Song by Nightwish

from the album Once
- Released: 7 June 2004
- Recorded: 2003–2004
- Genre: Symphonic metal
- Length: 4:39
- Label: Spinefarm; Nuclear Blast;
- Songwriter: Tuomas Holopainen
- Producers: Tuomas Holopainen; TeeCee Kinnunen;

= Planet Hell =

"Planet Hell" is a song by the Finnish symphonic metal band Nightwish, recorded for their fifth studio album Once. The song begins with a male choir and orchestral background music for a full minute before the band starts playing. "Planet Hell" also heavily features the vocals of the band's bass player Marko Hietala. After his departure from the band, the song's vocals have been taken over by their female vocalist Floor Jansen for live performances.

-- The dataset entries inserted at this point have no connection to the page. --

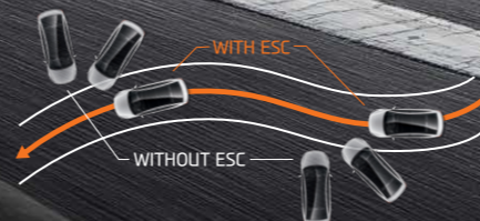
ELECTRONIC STABILITY CONTROL (ESC) Sensing steering wheel movements in relation to wheel rotation, Electronic stability control (ESC) takes care of the engine, braking system and steering during sudden braking and turning to keep you from skidding.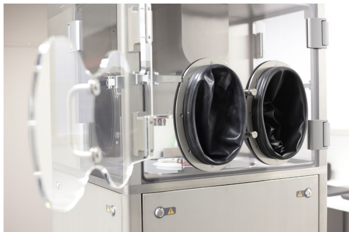
Figure 2: Glove ports for STYL'One EVO Enhanced Operator Safety (EOS)

Even though tablet presses deal with powder in a loose state which can spread in the air, the outcome itself the tablet, is less prone to release loose particles in the ambient.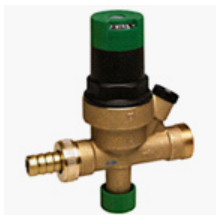
VF06-1/2B Honeywell - 1/2" Auto- matic Fill Valve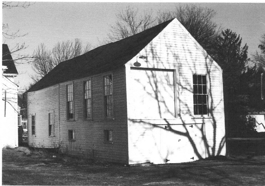
Roll #17, Negative #12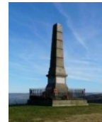
Hyde War Memorial Trust & Gee Cross WI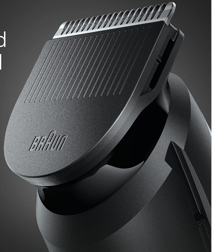
Image: A close-up view of the ultra-sharp blades of the Braun trimmer, highlighting their precision design for effective cutting.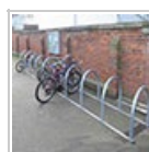
Cycle racks 0 cycle parking spaces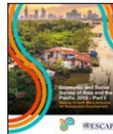
Economic and Social Survey of Asia and the Pacific 2015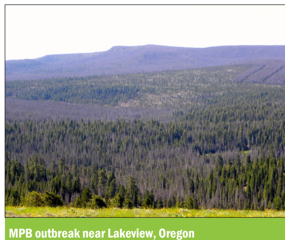
MPB outbreak near Lakeview, Oregon

of MPB attack. Trees need at least one year to benefit from increased resources and improved conditions created by thinning. Stands should be thinned ideally before outbreaks are allowed to reach adjacent areas.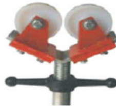
Nylon Wheels 450kg Capacity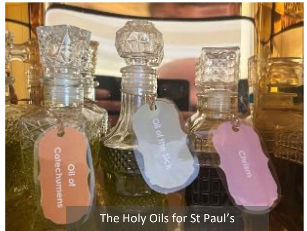
The Holy Oils for St Paul's

== Religious references ==
The song has a number of religious references:
- "The ferryman" refers to Charon the ferryman in Greek mythology. ("Save yourself a penny for the ferryman": tradition dictated that a dead Greek would have a coin placed in his mouth to pay for passage over the River Styx, as Charon demanded payment to ferry souls across the Styx, and without payment, souls would be forever trapped upon the shores, unable to cross.)
- "The Ark" could possibly refer to one of two things: The Ark of the Covenant, or Noah's Ark. The latter seems the most plausible, as in Biblical story the Ark saved Noah and the animals from the flood brought about by God for their sins. "This world ain't ready for the Ark" could indeed be a dark message from the band stating that the Earth is in midst of destruction by humans and we are all to blame, and deserve punishment.
- "Mother Gaia" refers to the Greek Titan Gaia or Mother Earth.

== In popular culture ==

- This song is well known amongst players of the fantasy massively multiplayer online role-playing game RuneScape. On 6 June 2006 a significant bug, which allowed some players to attack others in areas that were meant to be safe zones, was exploited in what became known as the Falador Massacre. Players were attacked and lost their valuable in-game items. The main record of the event was a player-made video which featured the song Planet Hell as the background music. On 6 June 2016 the game developers, Jagex, released an in-game event celebrating the ten-year anniversary of the Falador Massacre. It included background music similar to Planet Hell.
- This song was also used as intro music by the San Antonio Spurs in 2005.
- This song was sampled in Meek Mill's Pray For Em.